Moslems Do Still Convert, but Salvation Comes with a Heavy Price

How sad it is that so many of us Catholics take our gift of Faith for granted! After reading the astonishing story of Joseph Fadelle and his wife, I am sure, like myself, your soul will feel shaken over its lack of gratitude and complacency. We could have been born Iraqi Moslems and, from fear alone, never bothered to look into the Catholic Faith. I am convinced that it is this fear of persecution, even of death, that keeps Moslems, and other non-Christians in tyrannical countries, from inquiring about Jesus Christ from Catholics, few as they are today in those lands which, before Mohammed rose to power, were all once Christian. Then, there is the very real fear of death on the part of Catholics living under these regimes to even mention the Faith to a Moslem or Hindu. I do not believe there has ever been a century wherein there was more fear of the truth in the world. “The light shineth in the darknesss and the darkness did not comprehend it” (John 1:5). And it shines today in the darkness.

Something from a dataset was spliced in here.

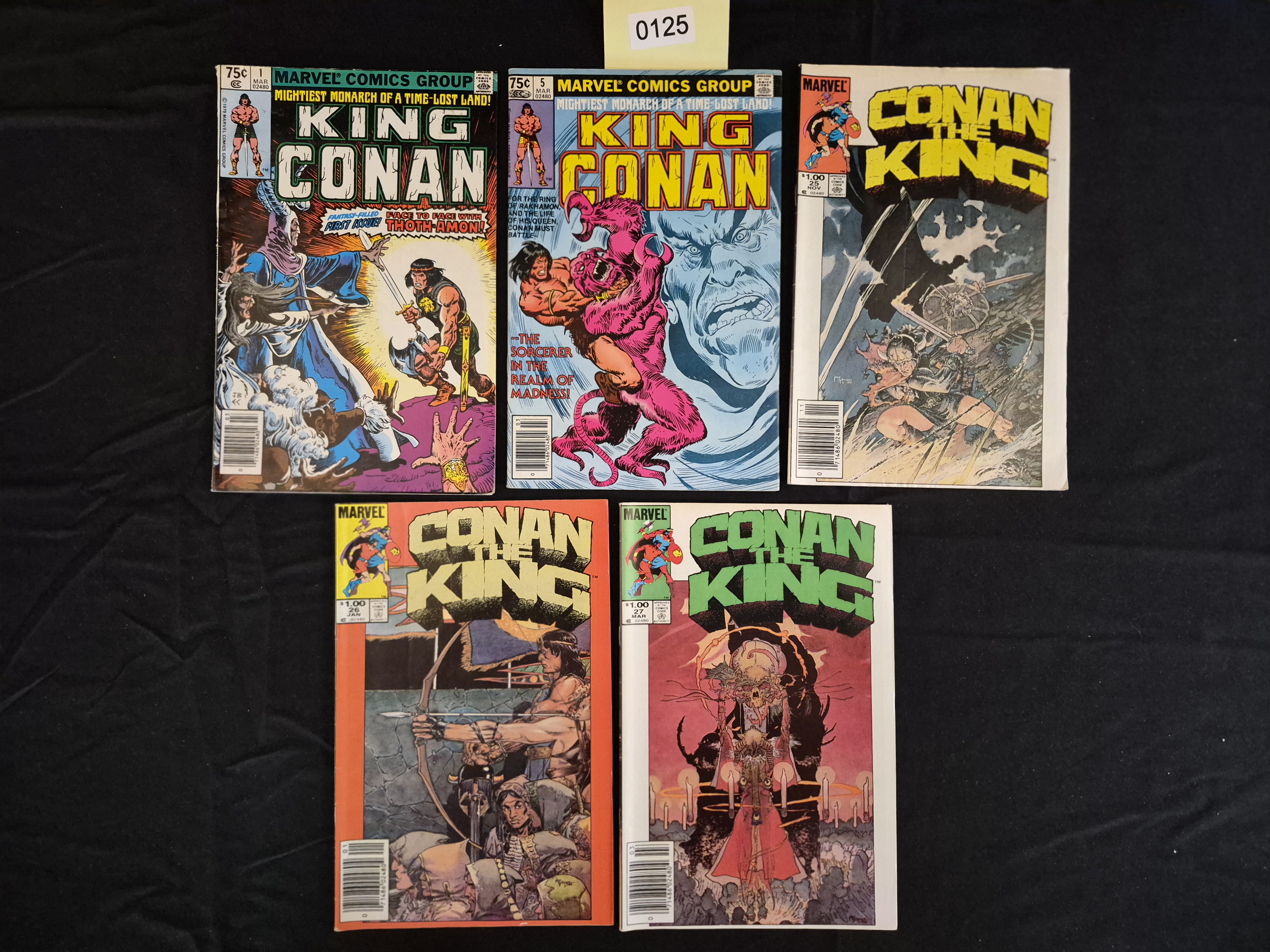 BID PER WHAT YOU SEE IN THE PHOTO, NOT THE AI GENERATED TITLES AND DESCRIPTIONS! A collection of five Marvel Comics Group periodicals featuring the character Conan. The lot includes two issues of the title King Conan (Issues #1 and #5, 75 cent cover price) and three consecutive issues of Conan the King (Issues #25, #26, and #27, $1.00 cover price). The issues date primarily to the mid-1980s, placing them in the Bronze or Copper Age era of comics. Conan the King #25 is confirmed by market data as November 1984. Construction consists of standard newsprint interiors and glossy paper covers with full-color illustrations. All items display the Marvel Comics Group logo, Comics Code Authority stamps, issue numbers, and UPC barcodes. Cover art depicts various fantasy action scenes, including combat with antagonists like Thoth-Amon and stylized macabre imagery.

Yes, the devil does have his jihadist zealots, who spread terror, death, and hate to non-Moslems; who look for an excuse to kill “blasphemers;” and I fear their number is growing. But most Moslem men, and certainly the women, live a life of fear, fear of their own co-religionists, which is to be expected considering what the Koran teaches and the history of Islam, past and current. Nevertheless, they do receive sufficient grace and, given that, they can convert to Catholicism and thus they have no excuse, greater than their own sins against the moral law, for rejecting their Savior. Still, there is no denying the heavy veil that blinds them. Even Saint Francis Xavier, with not much success, had to pass beyond that wall of obstinacy in order to reach the more docile pagans in India and the Far East.

A Muslim’s Remarkable Conversion to Catholicism

(Tradition, Family, and Property) The fascinating autobiography of Muhammad Moussaoui, who narrates his conversion from Islam to Catholicism, shows miracles of grace and of human correspondence, on the one hand, and on the other hand the terrible harshness of Islamic mentality and persecution of Christians. The book’s title, The Price to Pay, summarizes well what this privileged soul had to go through in order to be faithful to the call of grace. After his conversion, he took the name Joseph Fadelle.